--- Data records ---

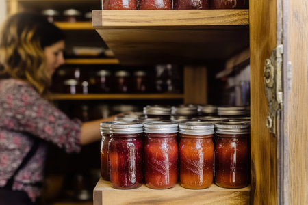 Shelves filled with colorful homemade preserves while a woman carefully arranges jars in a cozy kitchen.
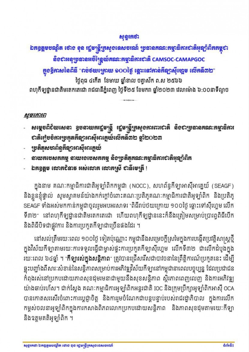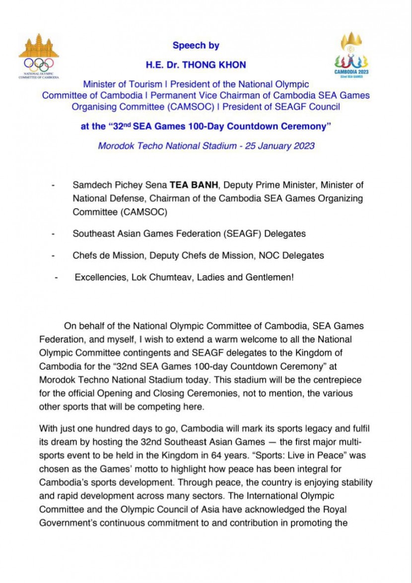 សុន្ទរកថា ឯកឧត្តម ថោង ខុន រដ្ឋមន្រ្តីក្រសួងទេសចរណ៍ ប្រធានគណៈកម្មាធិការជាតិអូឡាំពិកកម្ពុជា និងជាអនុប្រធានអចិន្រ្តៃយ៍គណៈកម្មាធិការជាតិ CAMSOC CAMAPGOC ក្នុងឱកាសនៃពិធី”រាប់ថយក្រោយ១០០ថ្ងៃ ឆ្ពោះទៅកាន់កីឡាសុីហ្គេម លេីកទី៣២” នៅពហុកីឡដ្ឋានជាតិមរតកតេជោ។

---
--- Data records ---

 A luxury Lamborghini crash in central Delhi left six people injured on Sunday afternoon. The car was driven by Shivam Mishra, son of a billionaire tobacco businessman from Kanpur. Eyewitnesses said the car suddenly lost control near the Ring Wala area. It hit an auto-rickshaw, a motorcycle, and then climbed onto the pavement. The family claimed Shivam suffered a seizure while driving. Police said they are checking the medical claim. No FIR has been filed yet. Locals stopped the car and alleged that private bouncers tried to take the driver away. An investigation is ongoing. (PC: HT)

---

Start at the line above containing "Shelves filled with" and stop at the line containing "សុន្ទរកថា ឯកឧត្តម ថោង": print those lines and everything between them exactly, but not the pictures.

#### Reply
 Shelves filled with colorful homemade preserves while a woman carefully arranges jars in a cozy kitchen.
 សុន្ទរកថា ឯកឧត្តម ថោង ខុន រដ្ឋមន្រ្តីក្រសួងទេសចរណ៍ ប្រធានគណៈកម្មាធិការជាតិអូឡាំពិកកម្ពុជា និងជាអនុប្រធានអចិន្រ្តៃយ៍គណៈកម្មាធិការជាតិ CAMSOC CAMAPGOC ក្នុងឱកាសនៃពិធី”រាប់ថយក្រោយ១០០ថ្ងៃ ឆ្ពោះទៅកាន់កីឡាសុីហ្គេម លេីកទី៣២” នៅពហុកីឡដ្ឋានជាតិមរតកតេជោ។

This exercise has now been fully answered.